Personal information
- Date of birth: 22 February 1963 (age 62)
- Height: 1.75 m (5 ft 9 in)
- Position(s): Midfielder

Senior career*
- Years: Team / Apps / (Gls)
- Bor Borzęta
- Dalin Myślenice
- Orlęta Dęblin
- Dalin Myślenice
- 1986–1991: GKS Tychy
- 1991–1992: Zagłębie Sosnowiec / 17 / (0)
- 1992–1994: Dalin Myślenice
- 1994–1996: Karpaty Siepraw
- 2017: Sokół Borzęta

Managerial career
- Tempo Rzeszotary
- Karpaty Siepraw
- Pcimianka Pcim
- Gościb Sułkowice
- Hejnał Krzyszkowice
- 2011-?: Sokół Borzęta

= Józef Panuś =

Polish footballer

Józef Panuś (born 22 February 1963) is a Polish former professional football player, manager, and current reality television personality, musician, entrepreneur in wood carpentry and sculpture, and conservator.

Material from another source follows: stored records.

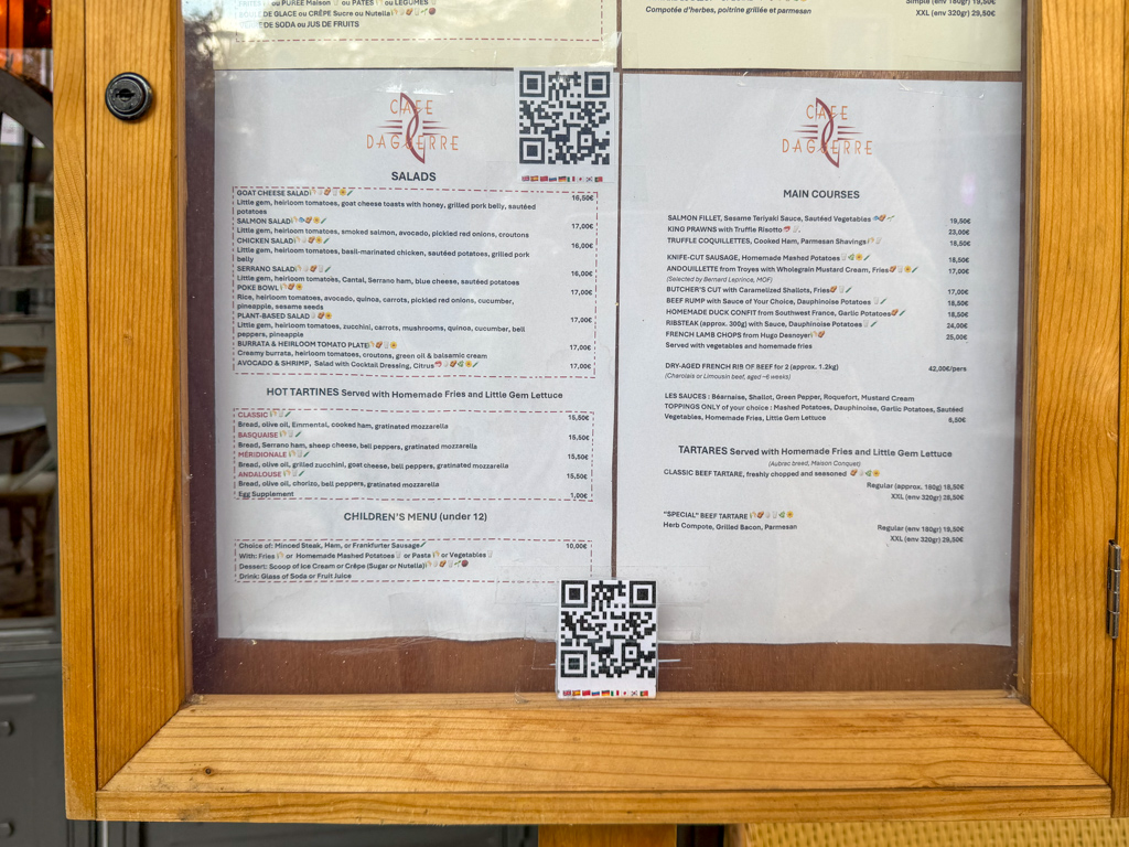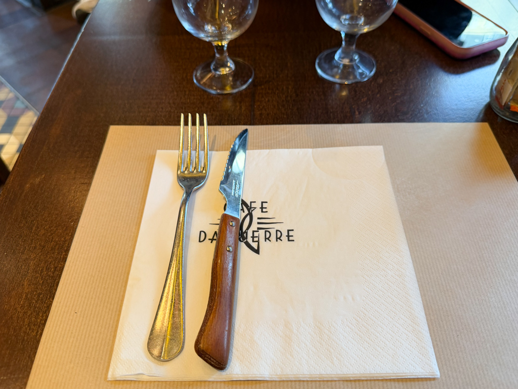 We wandered among a few bistros, scanning menus, until I suggested we stop at Cafe Daguerre. Amy agreed, and we took a seat.
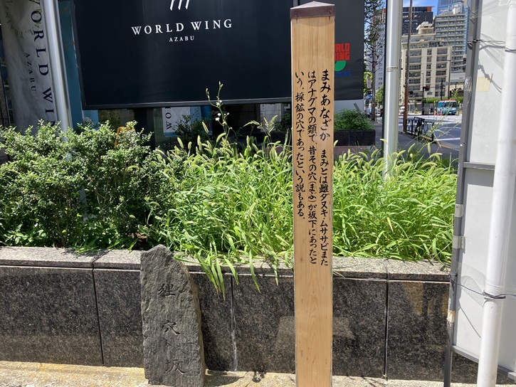 まみあなざか まみとは雌ダヌキ・ムササビまたはアナグマの類で、昔その穴(まぶ)が坂下にあったという。採鉱の穴であったという説もある。
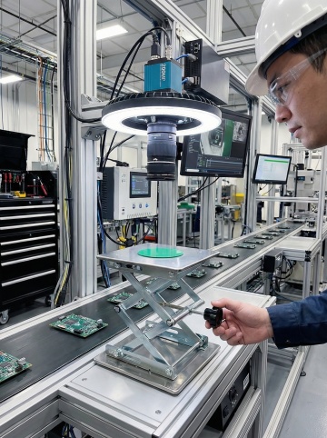 一位男性技术人员正在不同的工业工作场景中进行设备检查与操作,他头戴黄色安全帽,帽前配有照明头灯,身穿深蓝色工装制服与橙色反光安全背心,戴着护目镜和红色耳塞,正专注地手持平板电脑或检测仪器,观察着面前复杂的电气控制柜与密集的彩色线路。场景采用写实风格的职业摄影,光线呈现出工业环境中特有的局部照明效果,主色调为深蓝、深绿与橙色的对比搭配,画面具有清晰的景深和丰富的细节质感,展现出专业、严谨且略带紧张专注的工作氛围,构图突出人物与设备的互动,背景可替换为工厂车间、机房、维修站等不同的工业工作场景,整体传递出技术人员在真实工作环境中认真负责的职业形象。
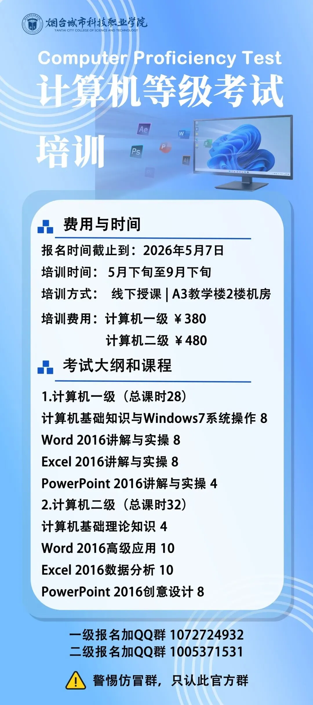 本次培训报名截止时间为2026年5月7日,培训周期为5月下旬至9月下旬,培训费用计算机一级380元、二级480元。
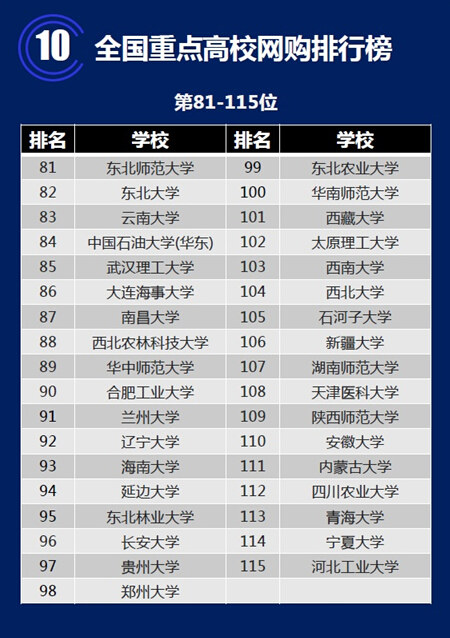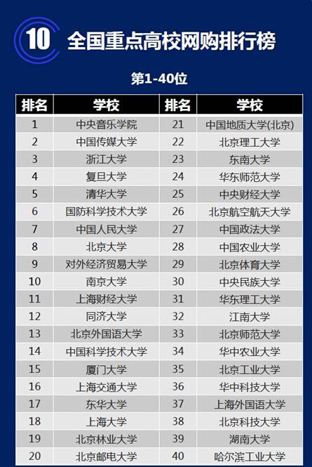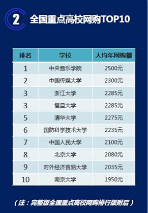 全國(guó)重點(diǎn)高校網(wǎng)購(gòu)排行榜
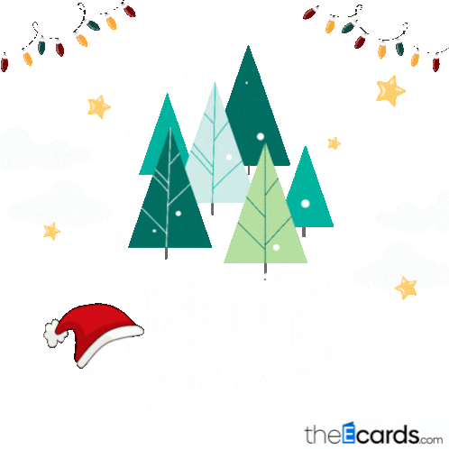 A festive animated sticker featuring a winter wonderland with stylized Christmas trees, falling snow, and a Santa hat.
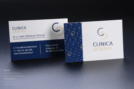Wizytówki z efektem błyszczącej wypukłości. Dotykając taką wizytówkę ma się wrażenie zastygniętego płynnego lakieru. Wizytówki z lakierem UV wypukłym oglądane pod różnym kątem i w różnych warunkach oświetlenia odpowiadają inaczej niż płaska matowa powierzchnia wprowadzając dodatkowe “życie” do projektów.
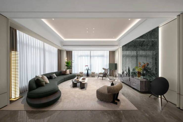 客厅背景墙用了一整面的玉翡翠,玉石的清透典雅带着远古冰川裂纹的幽深。双岛台的设计,是闺蜜下午茶的悠闲时光,美诺九件套,是爸爸带女儿下厨的鲜美飘香。三米的长茶台,茶韵悠长,十人的大圆桌,欢聚一堂。
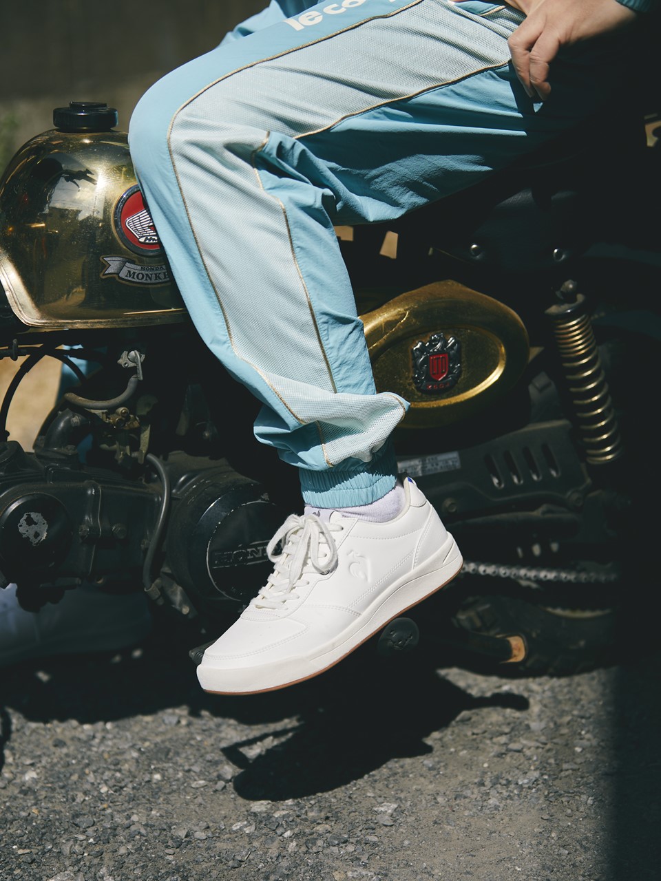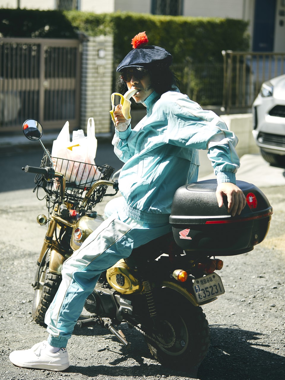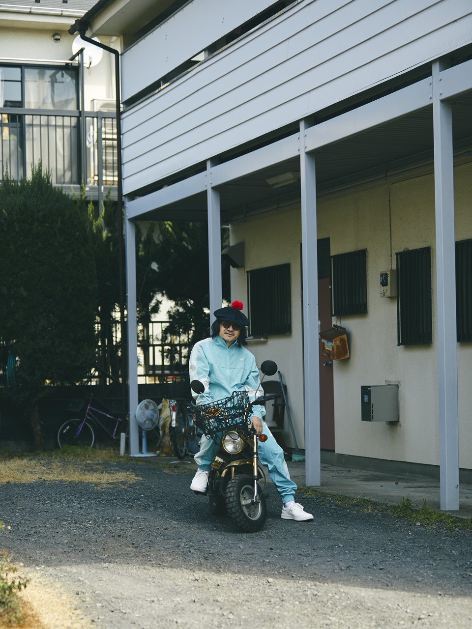 かせきさんの“足” として活躍する金ピカ仕様の愛車、ホンダのモンキーとパステルブルーのセットアップが最高にお似合い。排気量50ccだから、自転車に抜かれてしまうこともあるけど、「お先にどうぞ」のスタンスでいつでも余裕シャクシャクが、かせきさんスタイル。
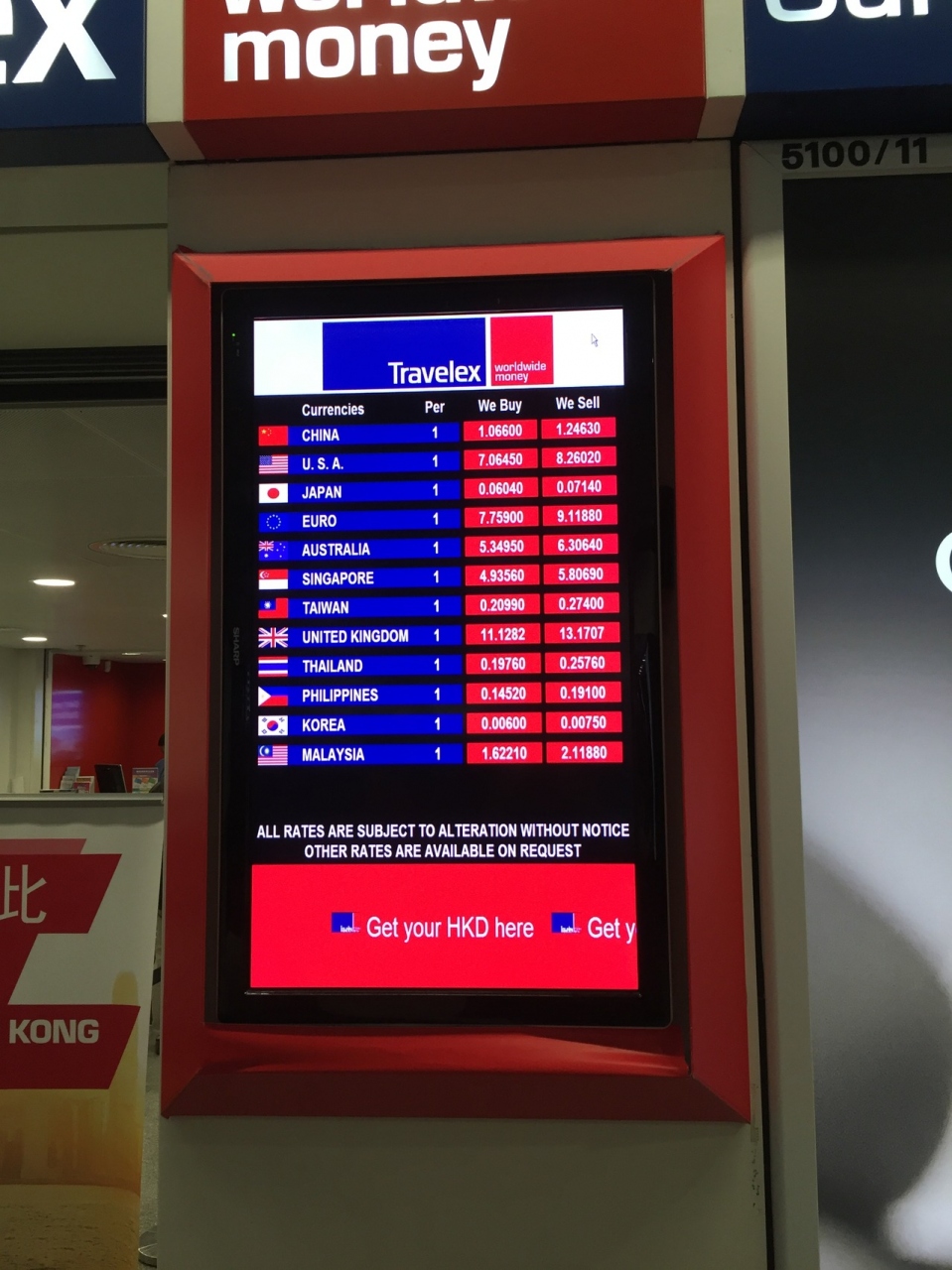 Travelexは、どこの国も空港にあって便利ですがやはり相対的にレートが悪いと感じます。香港の両替えといえばチムチャツイのチョンキンマンションですが、ここに限らず街中の角の両替屋さんでもいいレートだと感じます。ただし必ずレシートと現金が合っているかどうか確認を~。最近(2016年1月)は為替変動も激しいので毎日少しずつ変えたほうがいいかもです。2016年1月17日で0.668(15.1円)位でした。

After having played for local clubs, most notably for the then third division Dalin Myślenice, he was sold to Silesian mining club GKS Tychy for a transfer fee of 2 tonnes of coal.

He played 17 games in the Ekstraklasa for Zagłębie Sosnowiec before a career-threatening injury caused him to take a break and returning to play much later at the third tier again.

He re-gained fame in 2021 by appearing in the television reality show Ninja Warrior Poland, where he played his accordion, having played it from a young age and even taking it to his away matches during his playing career.